(PROVIDED INFORMATION)

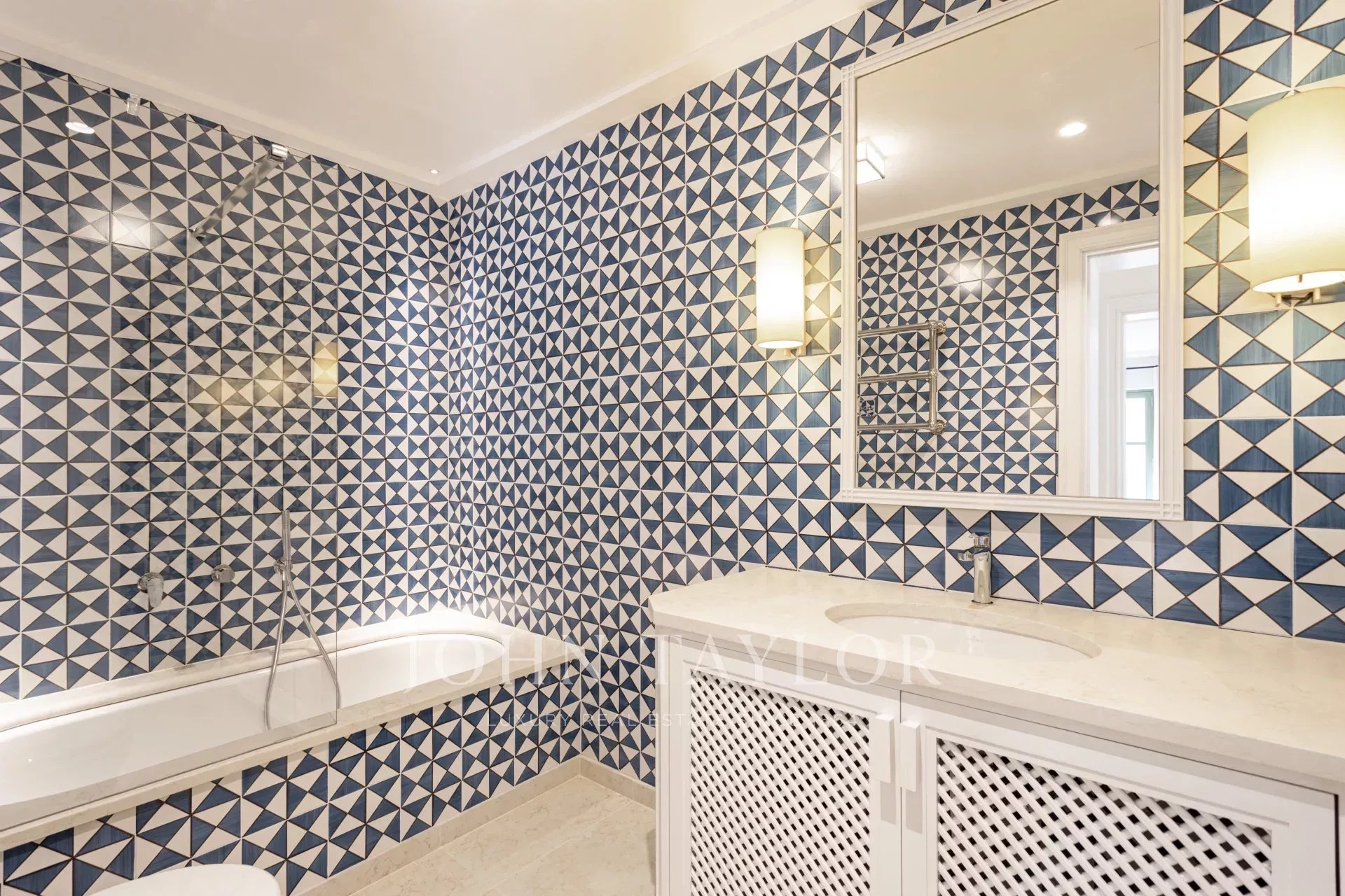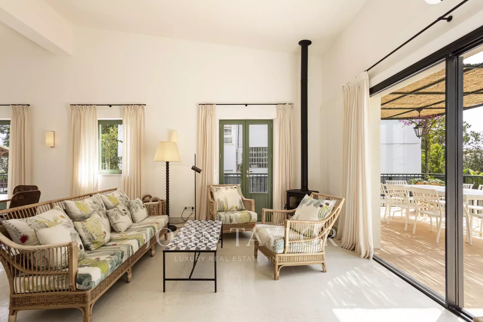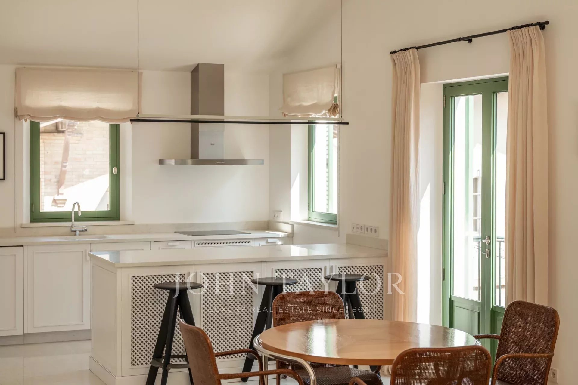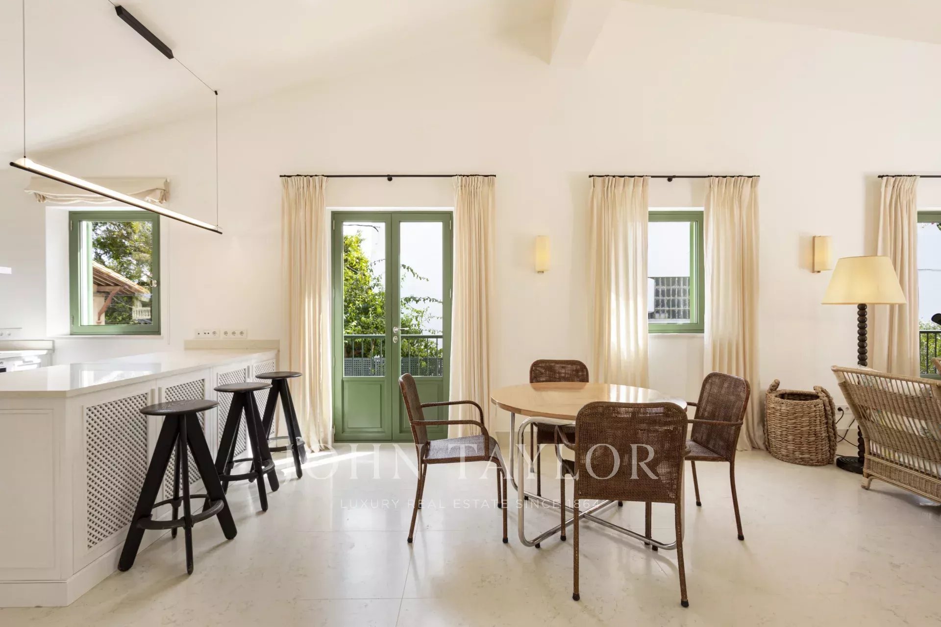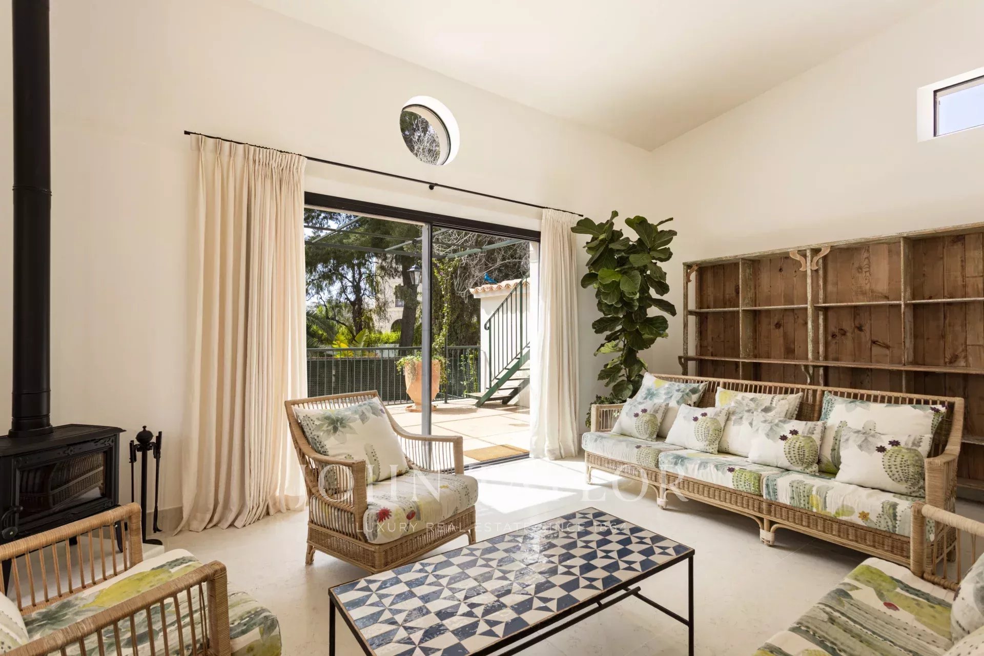 Dieses spektakuläre Haus in San Agustín, wurde nach den höchsten Qualitätsstandards komplett renoviert. Direkt neben dem Hotel Maricel gelegen, einer der exklusivsten Lagen der Stadt, bietet diese Immobilie eine perfekte Kombination aus Luxus, Komfort und fortschrittlicher Technologie. Auf 297 m² komplett renovierter Wohnfläche verfügt die Immobilie über 2 Doppelschlafzimmer und 1 Einzelschlafzimmer, die alle mit luxuriösen Ausstattungen versehen sind. Darüber hinaus bietet es über zwei geräumige und helle Wohnzimmer, die auf Komfort und Eleganz ausgelegt sind, eines davon mit integrierter offener Küche. Die 54 m² große Garage kann als solche oder als Fitnessraum, Spa, Kinoraum oder als zusätzlicher Raum je nach Bedarf genutzt werden und verfügt über eine zusätzliche Einfahrt und einen Privatparkplatz. Das Anwesen verfügt außerdem über zwei Außenterrassen und eine Dachterrasse, letztere mit teilweisem Meerblick, sowie einen wunderschönen Mikrozement-Sole-Pool im Erdgeschoss, der eine private Oase darstellt. Bei der Gestaltung des Hauses wurden hochwertige Naturmaterialien wie Lärchen- und Iroko-Holz, Perlino-Marmor und Stein aus Santanyi und Binissalem verwendet. Die in Italien handbemalten Fliesen in den Bädern und die Verwendung von Mikrozement verleihen dem Haus einen Hauch von Raffinesse und Stil. Was den Komfort und die Technik betrifft, so verfügt das Haus über eine Fußbodenheizung und eine Klimaanlage, die zu jeder Jahreszeit eine perfekte Temperatur gewährleisten. Die Energieeffizienz wird durch eine Wärmepumpe zur Warmwasserbereitung, einen Wasserenthärter und eine eigene Druckverstärkungsanlage optimiert. Darüber hinaus verfügt die Immobilie über ein fortschrittliches Hausautomatisierungssystem für Beleuchtung und Klimaanlage sowie eine Vorinstallation für eine Alarmanlage, ein elektrisches Pkw Ladegerät und eine automatische Bewässerungsanlage, um den Garten perfekt zu pflegen.
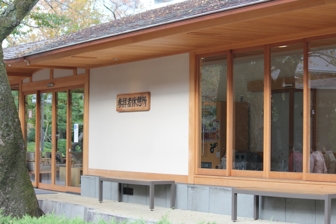 11月の休日、地下鉄の九段下駅を降りて靖国神社へお参りに行きました。第一鳥居を抜けて靖国神社の境内に入りました。神門を抜け中門鳥居を通り拝殿でお参りしました。沢山歩いたので一休み。参拝者の無料休憩所があったので中にに入り一休み。飲み物の自動販売機もあります。
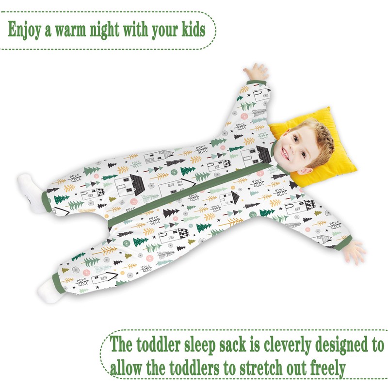 Toddler Sleep Sack With Feet - Winter Long Sleeve 2.5Tog Wearable Blanket for Early Walkers (Green Forest, 5T-7T)
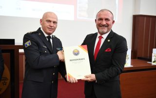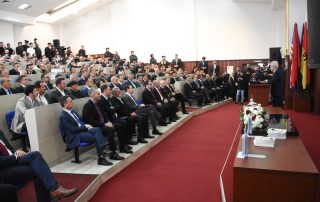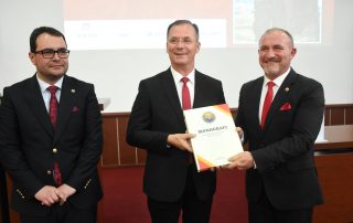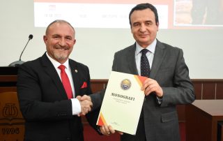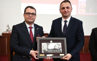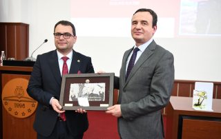At the end of this academy, as a sign of gratitude for the respect they have shown the University of Tetova, as well as to the today’s event, the Rector of UT, Prof. Dr. Kushtrim Ahmeti, together with the President of the Senate, Prof. Dr. Vullnet Ameti, to the Prime Minister of Kosovo, Albin Kurti, Lieutenant General Bashkim Jashari, the Director of the Kosovo Intelligence Agency, Petrit Ajeti, the General Director of the Kosovo Police, Gazmend Hoxha, and the activist of the national issue, Ismet Sylejmani, bestowed the portrait of the first and historical Rector, Prof. Dr. Fadil Sulejmani, together with the Monograph of the University, as well as scientific journals dedicated to important personalities of Albanian history and culture.
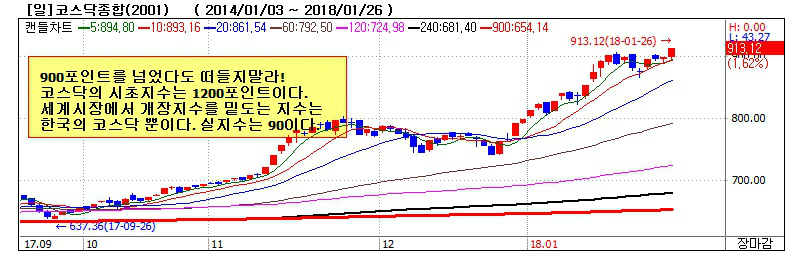 위 그림은 코스닥지수이다. 한국의 코스닥지수는 세계거래소시장 중에서 유일하게 시초개장지수를 밑도는 지수이다. 현 900포인트를 넘었다고 떠드는 사람들이 있으나 사실은 90포인트임을 알아야한다. 수치만 10배로 뻥튀기한 것이다. 시초가 지수가 현 10배 뻥튀기한 지수로 표현한다면 1,200포인트이기 때문에 그 지수를 넘어선후에 올랐느니 떨어졌느니 얘기를 해야한다는 것이다.
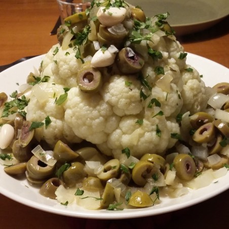 Ingrediënten: bloemkool, olijfolie, groene olijven, peterselie, ui, zout.
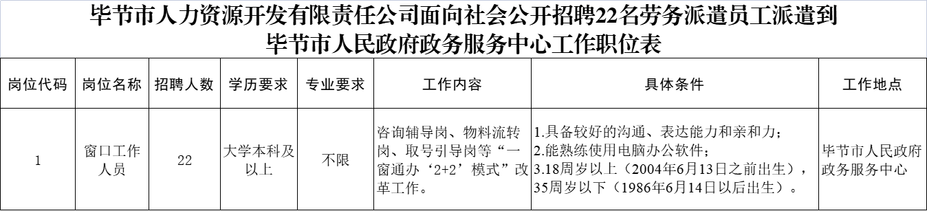 本次计划招聘劳务派遣员工22名,具体岗位要求详见《毕节市人力资源开发有限责任公司面向社会公开招聘22名劳务派遣员工派遣到毕节市人民政府政务服务中心工作职位表》(见附件1)。
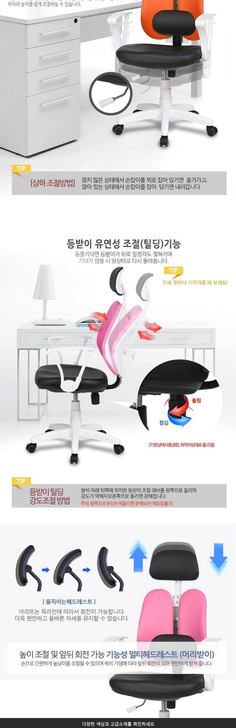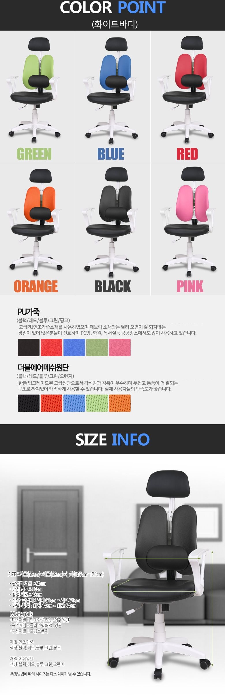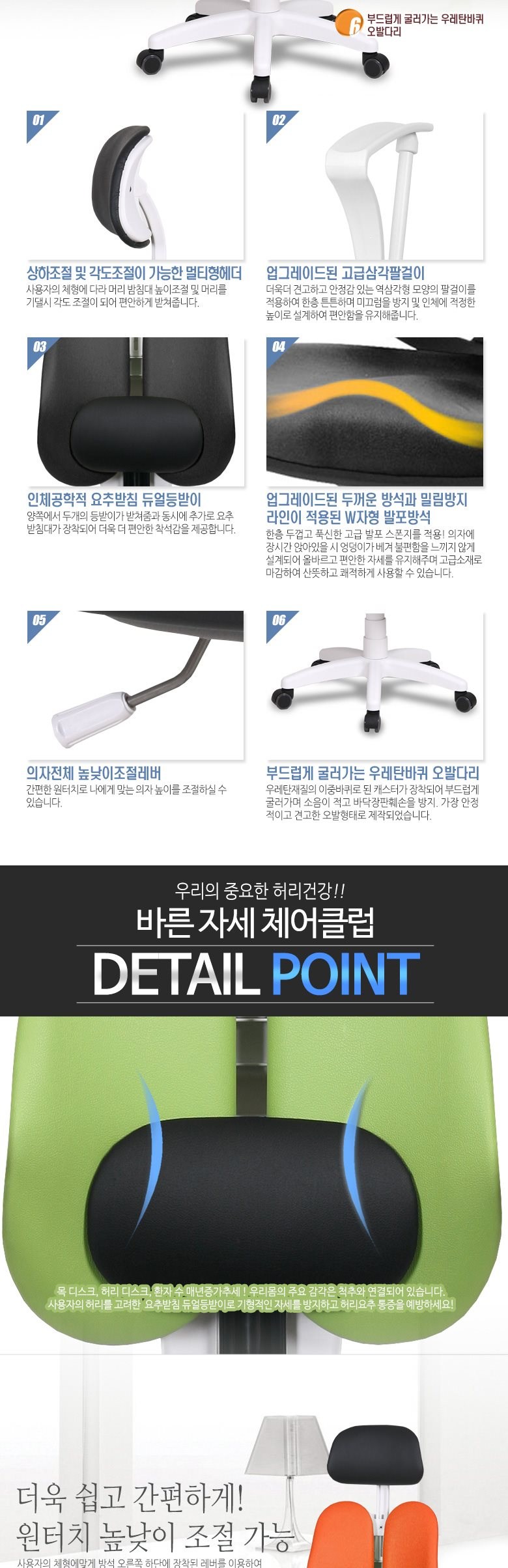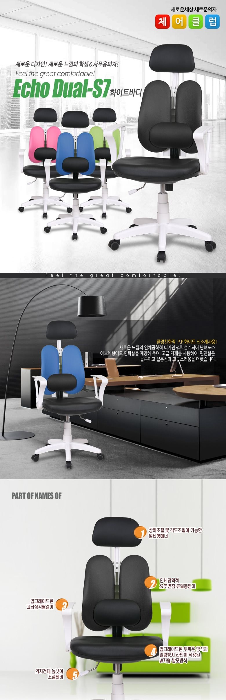 체어클럽 에코듀얼S7 요추헤더형 화이트바디 의자

(End PROVIDED INFORMATION)

ASSIGNED TASK:
Your copy should repeat each entry above exactly but contain no pictures.

EXPECTED OUTPUT:
 Dieses spektakuläre Haus in San Agustín, wurde nach den höchsten Qualitätsstandards komplett renoviert. Direkt neben dem Hotel Maricel gelegen, einer der exklusivsten Lagen der Stadt, bietet diese Immobilie eine perfekte Kombination aus Luxus, Komfort und fortschrittlicher Technologie. Auf 297 m² komplett renovierter Wohnfläche verfügt die Immobilie über 2 Doppelschlafzimmer und 1 Einzelschlafzimmer, die alle mit luxuriösen Ausstattungen versehen sind. Darüber hinaus bietet es über zwei geräumige und helle Wohnzimmer, die auf Komfort und Eleganz ausgelegt sind, eines davon mit integrierter offener Küche. Die 54 m² große Garage kann als solche oder als Fitnessraum, Spa, Kinoraum oder als zusätzlicher Raum je nach Bedarf genutzt werden und verfügt über eine zusätzliche Einfahrt und einen Privatparkplatz. Das Anwesen verfügt außerdem über zwei Außenterrassen und eine Dachterrasse, letztere mit teilweisem Meerblick, sowie einen wunderschönen Mikrozement-Sole-Pool im Erdgeschoss, der eine private Oase darstellt. Bei der Gestaltung des Hauses wurden hochwertige Naturmaterialien wie Lärchen- und Iroko-Holz, Perlino-Marmor und Stein aus Santanyi und Binissalem verwendet. Die in Italien handbemalten Fliesen in den Bädern und die Verwendung von Mikrozement verleihen dem Haus einen Hauch von Raffinesse und Stil. Was den Komfort und die Technik betrifft, so verfügt das Haus über eine Fußbodenheizung und eine Klimaanlage, die zu jeder Jahreszeit eine perfekte Temperatur gewährleisten. Die Energieeffizienz wird durch eine Wärmepumpe zur Warmwasserbereitung, einen Wasserenthärter und eine eigene Druckverstärkungsanlage optimiert. Darüber hinaus verfügt die Immobilie über ein fortschrittliches Hausautomatisierungssystem für Beleuchtung und Klimaanlage sowie eine Vorinstallation für eine Alarmanlage, ein elektrisches Pkw Ladegerät und eine automatische Bewässerungsanlage, um den Garten perfekt zu pflegen.
 11月の休日、地下鉄の九段下駅を降りて靖国神社へお参りに行きました。第一鳥居を抜けて靖国神社の境内に入りました。神門を抜け中門鳥居を通り拝殿でお参りしました。沢山歩いたので一休み。参拝者の無料休憩所があったので中にに入り一休み。飲み物の自動販売機もあります。
 Toddler Sleep Sack With Feet - Winter Long Sleeve 2.5Tog Wearable Blanket for Early Walkers (Green Forest, 5T-7T)
At the end of this academy, as a sign of gratitude for the respect they have shown the University of Tetova, as well as to the today’s event, the Rector of UT, Prof. Dr. Kushtrim Ahmeti, together with the President of the Senate, Prof. Dr. Vullnet Ameti, to the Prime Minister of Kosovo, Albin Kurti, Lieutenant General Bashkim Jashari, the Director of the Kosovo Intelligence Agency, Petrit Ajeti, the General Director of the Kosovo Police, Gazmend Hoxha, and the activist of the national issue, Ismet Sylejmani, bestowed the portrait of the first and historical Rector, Prof. Dr. Fadil Sulejmani, together with the Monograph of the University, as well as scientific journals dedicated to important personalities of Albanian history and culture.
 위 그림은 코스닥지수이다. 한국의 코스닥지수는 세계거래소시장 중에서 유일하게 시초개장지수를 밑도는 지수이다. 현 900포인트를 넘었다고 떠드는 사람들이 있으나 사실은 90포인트임을 알아야한다. 수치만 10배로 뻥튀기한 것이다. 시초가 지수가 현 10배 뻥튀기한 지수로 표현한다면 1,200포인트이기 때문에 그 지수를 넘어선후에 올랐느니 떨어졌느니 얘기를 해야한다는 것이다.
 Ingrediënten: bloemkool, olijfolie, groene olijven, peterselie, ui, zout.
 本次计划招聘劳务派遣员工22名,具体岗位要求详见《毕节市人力资源开发有限责任公司面向社会公开招聘22名劳务派遣员工派遣到毕节市人民政府政务服务中心工作职位表》(见附件1)。
 체어클럽 에코듀얼S7 요추헤더형 화이트바디 의자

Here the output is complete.